Start of DATA SHOWN

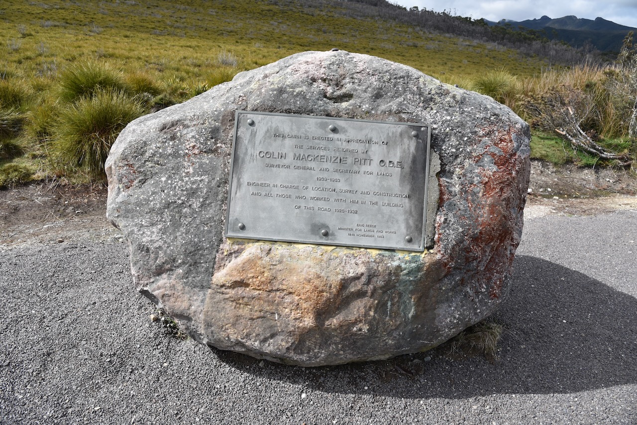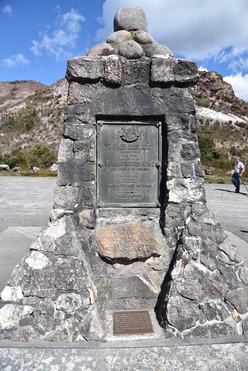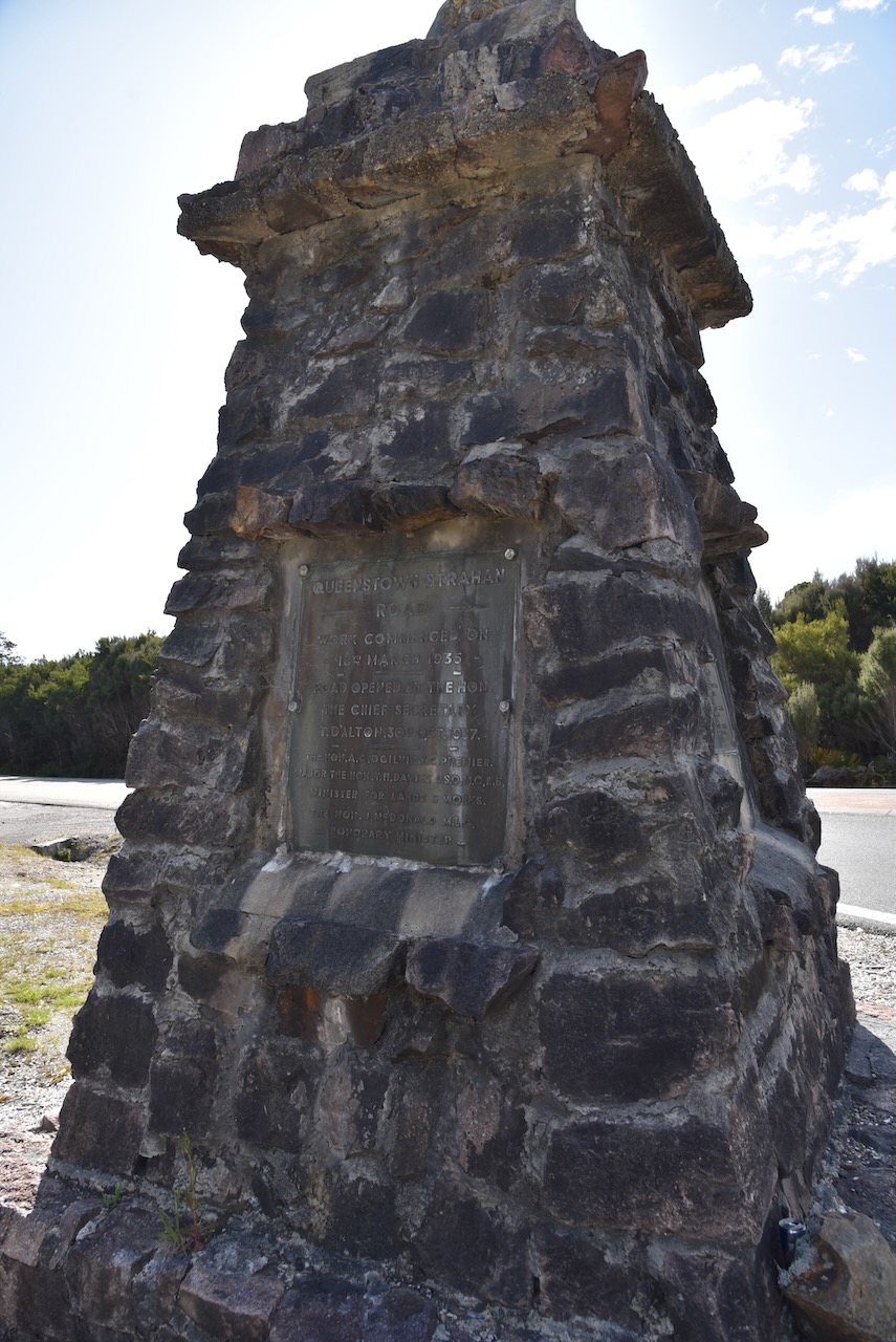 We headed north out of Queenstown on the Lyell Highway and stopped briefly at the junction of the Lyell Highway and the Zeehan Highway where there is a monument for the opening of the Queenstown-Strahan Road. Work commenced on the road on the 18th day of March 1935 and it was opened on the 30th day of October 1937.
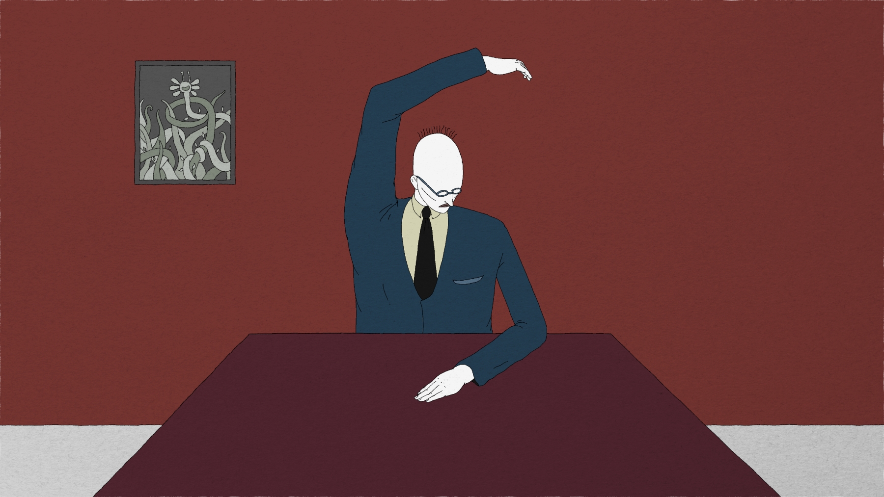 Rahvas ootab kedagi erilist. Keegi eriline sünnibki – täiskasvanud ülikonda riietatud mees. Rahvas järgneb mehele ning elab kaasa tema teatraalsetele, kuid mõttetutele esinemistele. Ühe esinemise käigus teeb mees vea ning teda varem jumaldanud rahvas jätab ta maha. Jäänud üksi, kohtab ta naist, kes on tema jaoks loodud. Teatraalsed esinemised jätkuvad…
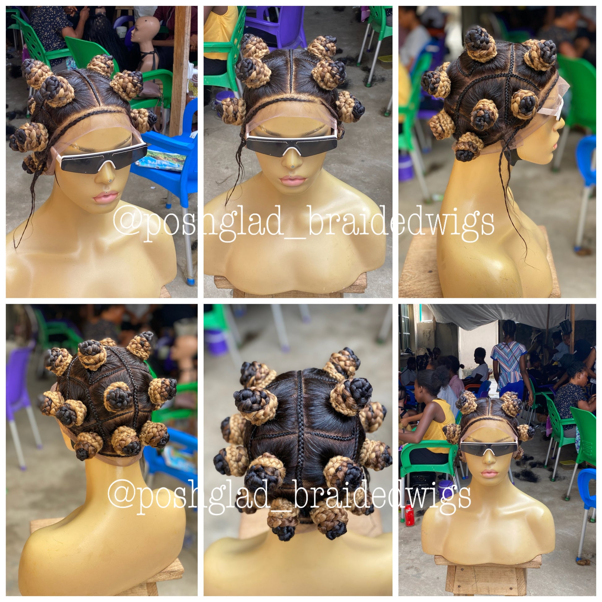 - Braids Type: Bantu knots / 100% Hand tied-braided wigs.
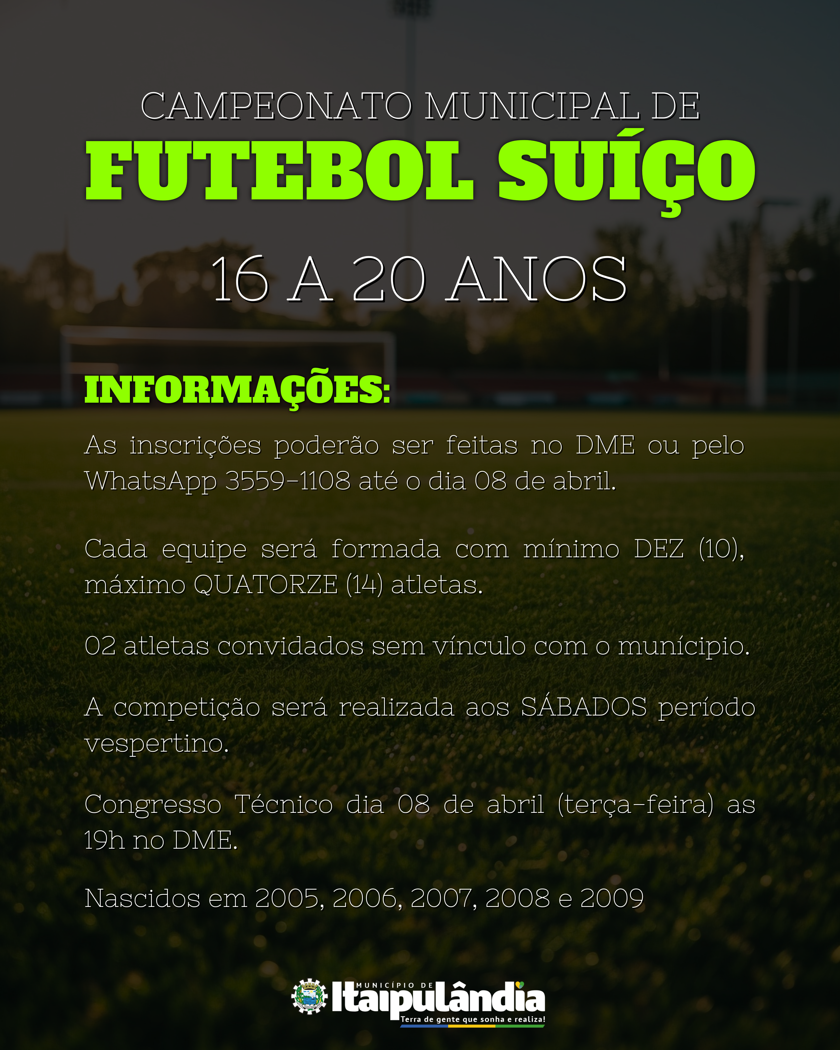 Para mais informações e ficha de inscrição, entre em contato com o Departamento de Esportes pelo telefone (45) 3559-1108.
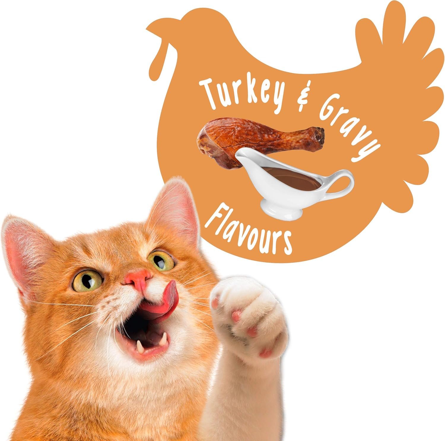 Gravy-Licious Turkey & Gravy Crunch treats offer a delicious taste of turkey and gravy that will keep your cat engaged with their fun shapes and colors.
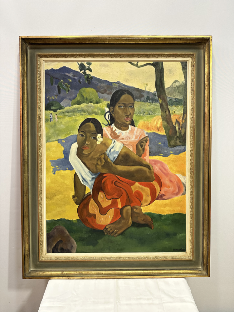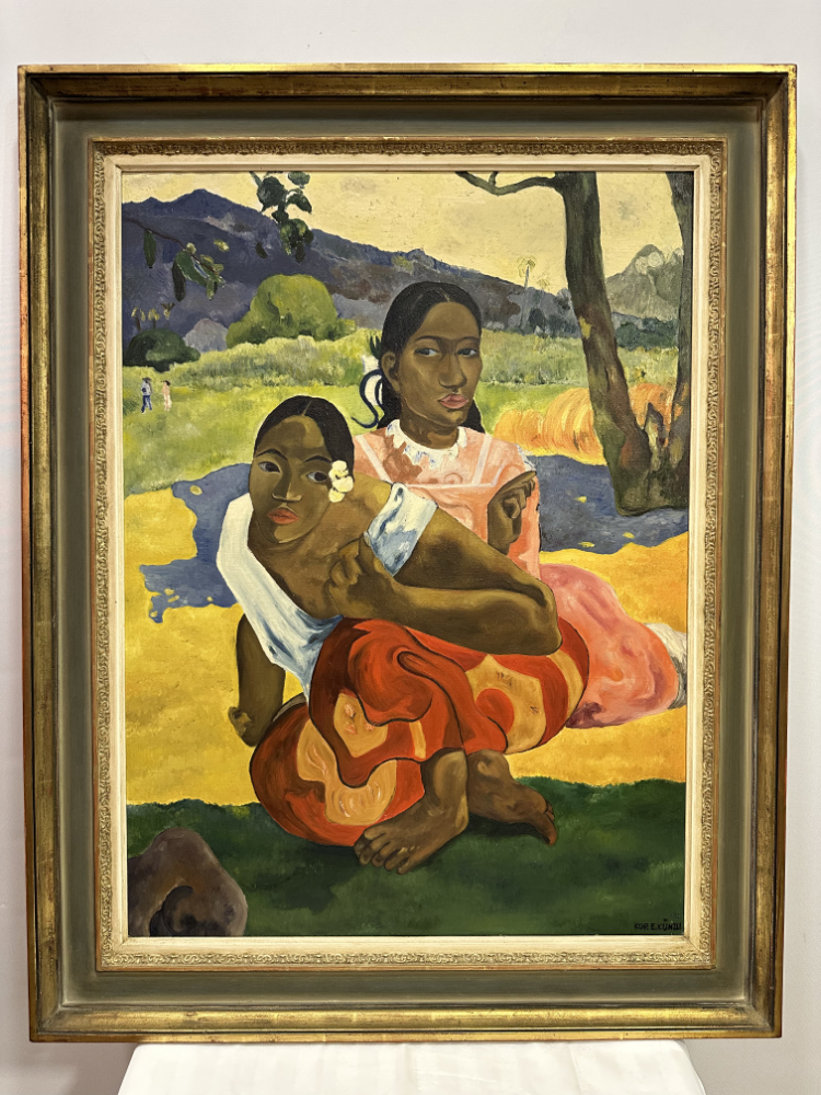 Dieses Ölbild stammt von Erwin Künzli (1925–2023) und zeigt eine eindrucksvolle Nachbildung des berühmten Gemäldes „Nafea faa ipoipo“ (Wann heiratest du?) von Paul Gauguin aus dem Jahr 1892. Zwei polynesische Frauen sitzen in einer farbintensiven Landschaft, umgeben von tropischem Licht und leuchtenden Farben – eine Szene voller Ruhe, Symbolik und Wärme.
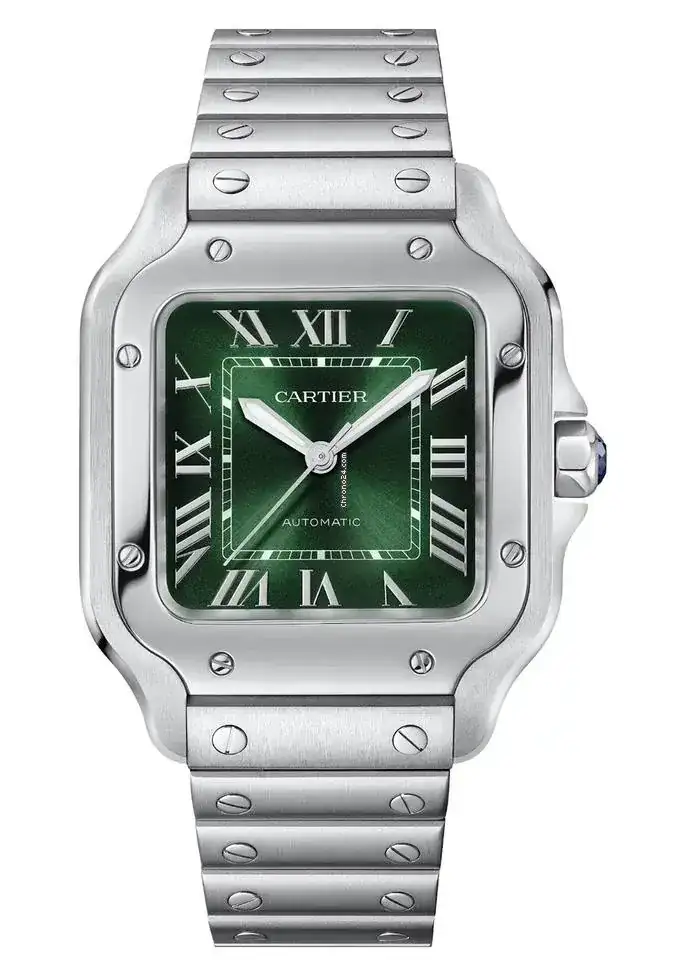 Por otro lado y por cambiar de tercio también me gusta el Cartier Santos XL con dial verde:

End of DATA SHOWN

The pictures in the entries above should be left out; all else must be copied exactly.

#### YOUR RESPONSE:
 We headed north out of Queenstown on the Lyell Highway and stopped briefly at the junction of the Lyell Highway and the Zeehan Highway where there is a monument for the opening of the Queenstown-Strahan Road. Work commenced on the road on the 18th day of March 1935 and it was opened on the 30th day of October 1937.
 Rahvas ootab kedagi erilist. Keegi eriline sünnibki – täiskasvanud ülikonda riietatud mees. Rahvas järgneb mehele ning elab kaasa tema teatraalsetele, kuid mõttetutele esinemistele. Ühe esinemise käigus teeb mees vea ning teda varem jumaldanud rahvas jätab ta maha. Jäänud üksi, kohtab ta naist, kes on tema jaoks loodud. Teatraalsed esinemised jätkuvad…
 - Braids Type: Bantu knots / 100% Hand tied-braided wigs.
 Para mais informações e ficha de inscrição, entre em contato com o Departamento de Esportes pelo telefone (45) 3559-1108.
 Gravy-Licious Turkey & Gravy Crunch treats offer a delicious taste of turkey and gravy that will keep your cat engaged with their fun shapes and colors.
 Dieses Ölbild stammt von Erwin Künzli (1925–2023) und zeigt eine eindrucksvolle Nachbildung des berühmten Gemäldes „Nafea faa ipoipo“ (Wann heiratest du?) von Paul Gauguin aus dem Jahr 1892. Zwei polynesische Frauen sitzen in einer farbintensiven Landschaft, umgeben von tropischem Licht und leuchtenden Farben – eine Szene voller Ruhe, Symbolik und Wärme.
 Por otro lado y por cambiar de tercio también me gusta el Cartier Santos XL con dial verde:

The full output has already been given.